On Thu, Feb 6, 2020, 15:56 Tom Honermann via SG16 <sg16@lists.isocpp.org> wrote:

In our discussion of P1629 yesterday (a meeting summary will appear here in the next few days), I raised the question of why encoding objects provided the ability to specify both replacement code units and replacement code points.  I'm afraid I didn't follow the discussion well (I was distracted by kids and pizza delivery...).  I'd like to better understand the motivation for both.

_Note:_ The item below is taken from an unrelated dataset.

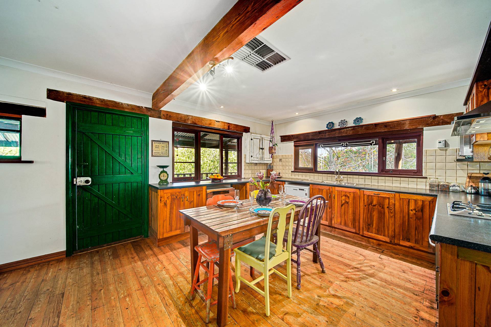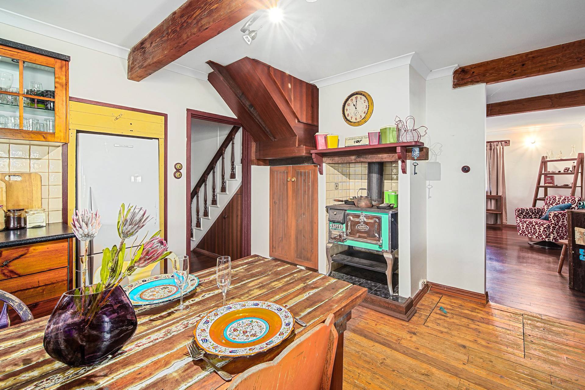 • Character wood fired stove, great for slow cooking in the winter • Large Country Kitchen with Stainless steel appliances.

My expectation is that only replacement code points should be required.  This is based on the following observations:

  1. When encoding, if a provided code point cannot be encoded, a replacement code point (that is guaranteed to be encodeable) is encoded.  (Encoding can never produce an ill-formed code unit sequence, at least not without a contract violation).
  2. When decoding, if a code unit sequence is ill-formed, a replacement code point is produced (and the ill-formed code unit sequence skipped in an encoding dependent way subject to synchronization capabilities).
  3. When transcoding, if a decoded code point cannot be encoded, the replacement code point from the target encoding is encoded (and that is guaranteed to produce a well-formed code unit sequence).

I don't see where a replacement code unit sequence fits in to the above except as a possible optimization to avoid the overhead of encoding the replacement code point (in which case, the replacement code unit sequence better match how a replacement code point sequence would be encoded).

Could someone please enlighten me?  When would a replacement code unit sequence be used?


I want to agree with everything.
I would add that we have a naming problem and would suggest:

* encode_replacement
* decode_replacement

I noticed the same thing with many names, up to the name of the encoding.
Is it always implied that one end of the encoder object is Unicode and as such "ascii" implies "ascii<->Unicode codepoints" ?